» **Provided material**:
<<<<

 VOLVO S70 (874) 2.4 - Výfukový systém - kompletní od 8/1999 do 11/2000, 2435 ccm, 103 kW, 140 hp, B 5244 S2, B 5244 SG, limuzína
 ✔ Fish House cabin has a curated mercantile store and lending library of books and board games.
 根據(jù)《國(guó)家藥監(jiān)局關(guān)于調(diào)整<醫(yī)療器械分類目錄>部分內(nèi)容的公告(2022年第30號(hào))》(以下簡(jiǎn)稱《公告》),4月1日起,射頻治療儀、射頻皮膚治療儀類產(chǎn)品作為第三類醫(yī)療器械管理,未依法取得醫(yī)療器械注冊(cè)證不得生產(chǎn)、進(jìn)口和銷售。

>>>>
<<<<

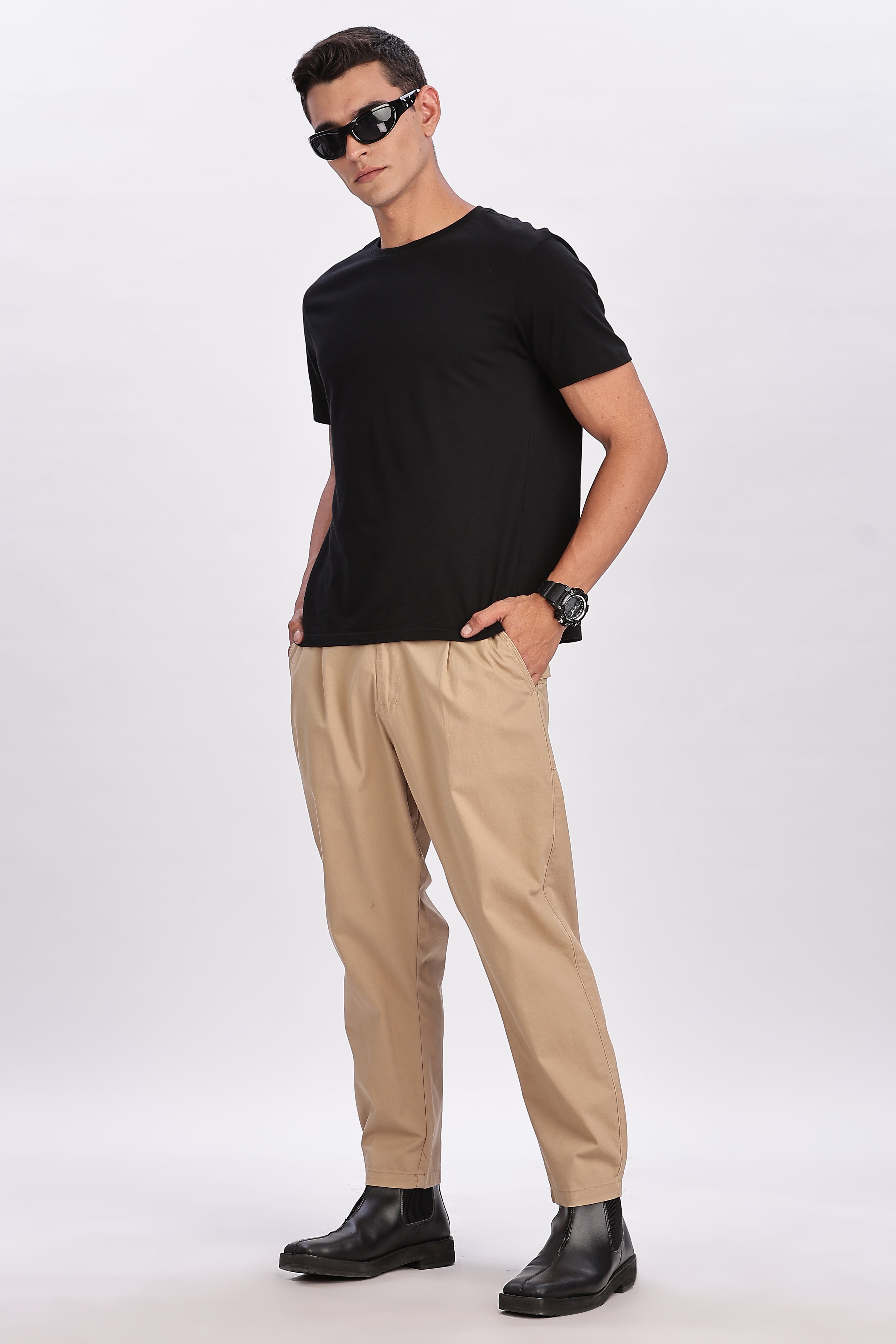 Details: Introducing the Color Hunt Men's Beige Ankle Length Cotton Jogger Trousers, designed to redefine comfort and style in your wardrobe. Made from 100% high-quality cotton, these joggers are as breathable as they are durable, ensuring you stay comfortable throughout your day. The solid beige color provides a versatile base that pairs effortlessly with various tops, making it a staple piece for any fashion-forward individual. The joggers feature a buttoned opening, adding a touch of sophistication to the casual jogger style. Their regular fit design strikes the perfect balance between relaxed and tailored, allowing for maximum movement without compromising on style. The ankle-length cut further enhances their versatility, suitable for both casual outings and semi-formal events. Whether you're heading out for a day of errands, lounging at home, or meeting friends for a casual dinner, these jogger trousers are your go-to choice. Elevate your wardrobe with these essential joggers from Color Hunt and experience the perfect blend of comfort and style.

>>>>

» **Work instructions**:
Reproduce, character for character, only the lines of the preceding data that start at the line with "VOLVO S70 (874)" and end at the line with "根據(jù)《國(guó)家", both included.

» **The answer**:
 VOLVO S70 (874) 2.4 - Výfukový systém - kompletní od 8/1999 do 11/2000, 2435 ccm, 103 kW, 140 hp, B 5244 S2, B 5244 SG, limuzína
 ✔ Fish House cabin has a curated mercantile store and lending library of books and board games.
 根據(jù)《國(guó)家藥監(jiān)局關(guān)于調(diào)整<醫(yī)療器械分類目錄>部分內(nèi)容的公告(2022年第30號(hào))》(以下簡(jiǎn)稱《公告》),4月1日起,射頻治療儀、射頻皮膚治療儀類產(chǎn)品作為第三類醫(yī)療器械管理,未依法取得醫(yī)療器械注冊(cè)證不得生產(chǎn)、進(jìn)口和銷售。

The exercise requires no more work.